Now that I’ve almost finished my travel video series, I can go back to the task at hand: giving you tips and suggestions on how to make the most of your next trip to Japan, based on my experience of four visits as a tourist, and based on my research.

Here’s some exciting news in case you want to visit Japan and do some tax-free shopping! You can now get a refund of the 8% consumption tax (like a sales tax) if purchasing a combination of general and consumable items totaling at least 5,000 yen at a tax-free shop.

Within the last few years Japan added a number of eligible products that can be purchased tax-free in the country by foreign tourists. Products were classified in two categories: General products like clothes, jewelry, shoes and appliances, and Consumable products like food, cosmetics, alcohol and tobacco. The previous rule was that if you spent at least 5,000 yen in one of these categories, you would receive the tax rebate. Until now, you could not combine the total for both general products and consumable products…. for example, if you spent 3,000 yen in each category, you would not be eligible for the tax rebate. Under the new rules, you CAN get the rebate.

When you combine general and consumable items in a single transaction, then you cannot use the items while in Japan and must take them out of the country within 30 days.

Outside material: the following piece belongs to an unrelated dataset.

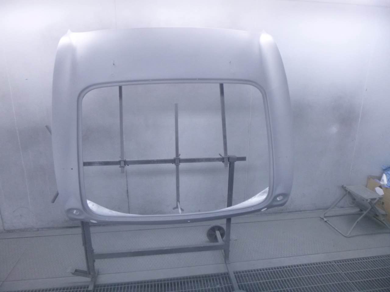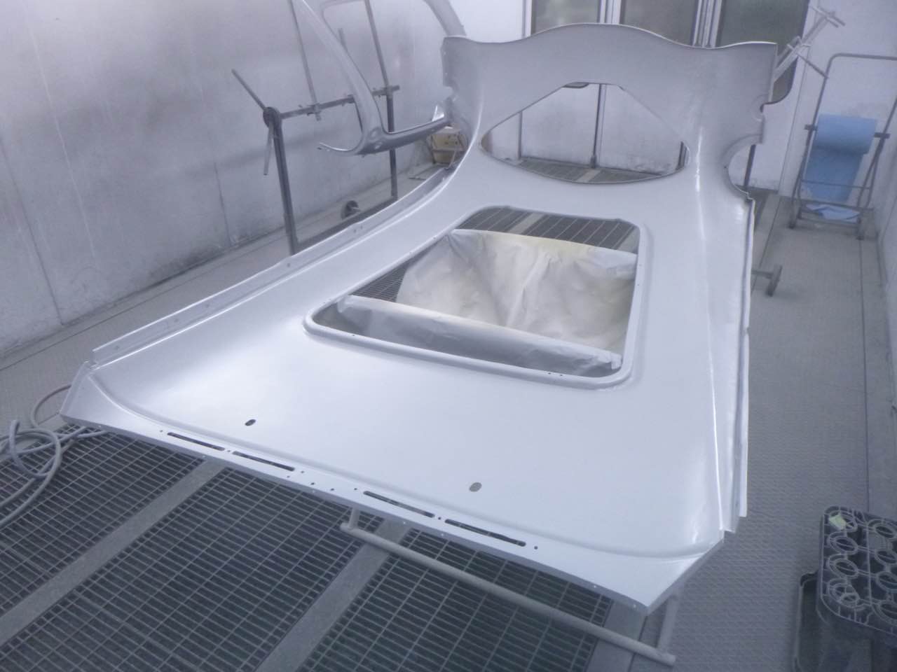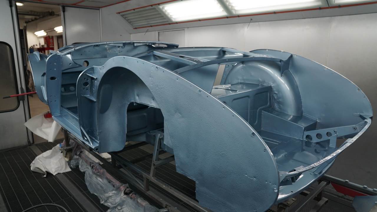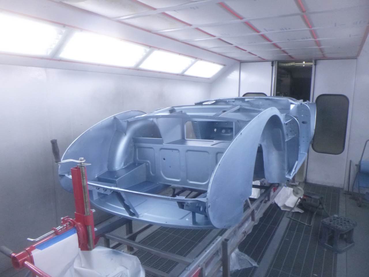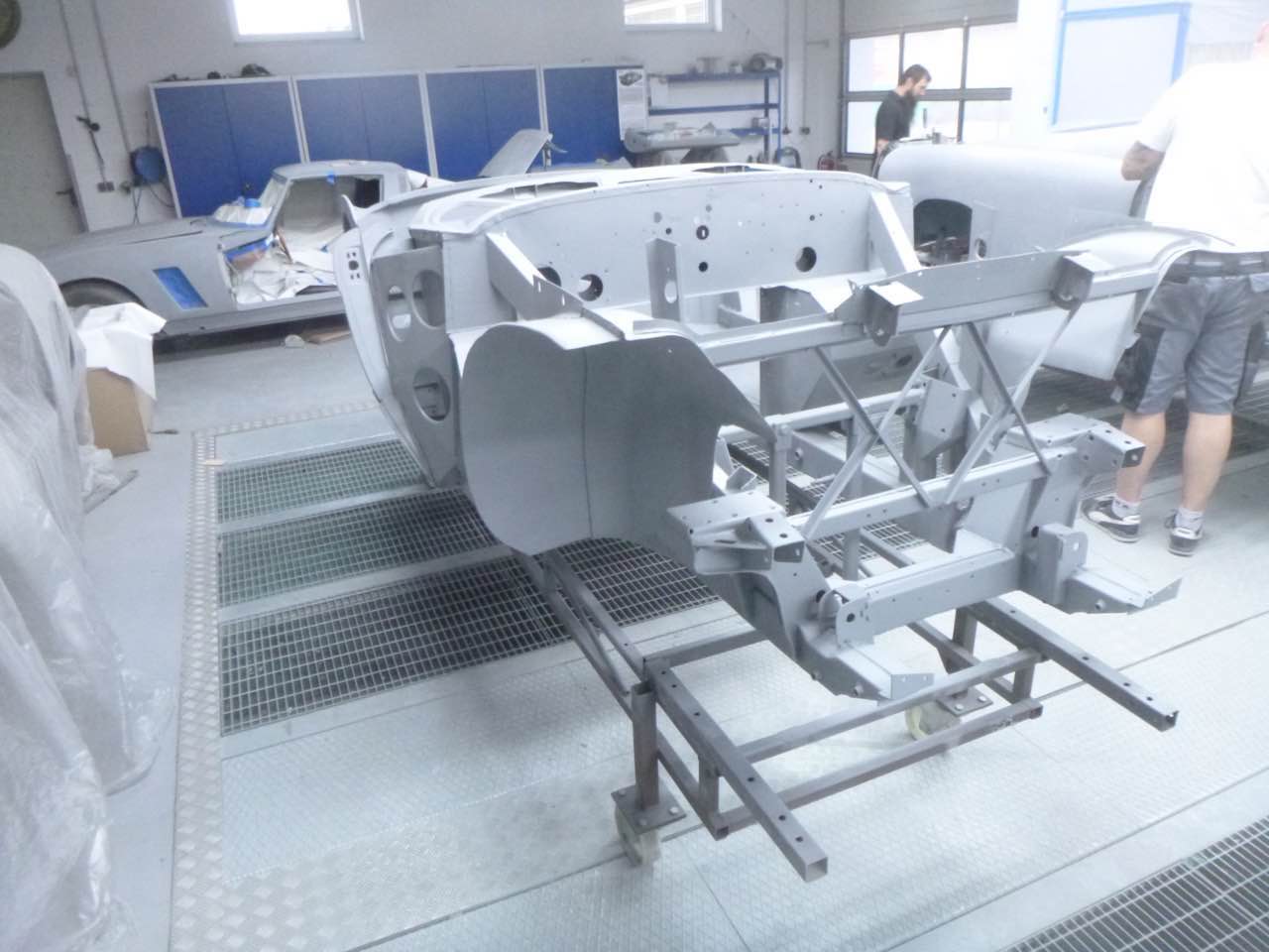 Nach der Lackierung von Chassis und den Innenseiten der Außenbleche erfolgt der Zusammenbau. Anschließend werden die Ausßenbleche gefüllert und geschliffen. Wenn diese Tätigkeiten abgeschlossen sind erfolgt die Montage der Achsen, Motor/Getriebe.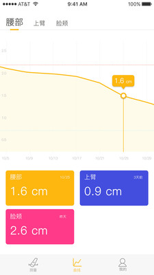 【变化趋势曲线图】提供脂肪厚度变化趋势曲线图,跟踪胖瘦变化

Hopefully this makes it easier to purchase great items in Japan without the tax. As a general rule, when you make these purchases you will be required to show your passport, and a receipt will be stapled into your passport for each shop. You will then be required to turn all of the receipts in to Japanese customs when you leave the country. At an airport, the customs desks are usually located between security and outbound immigration.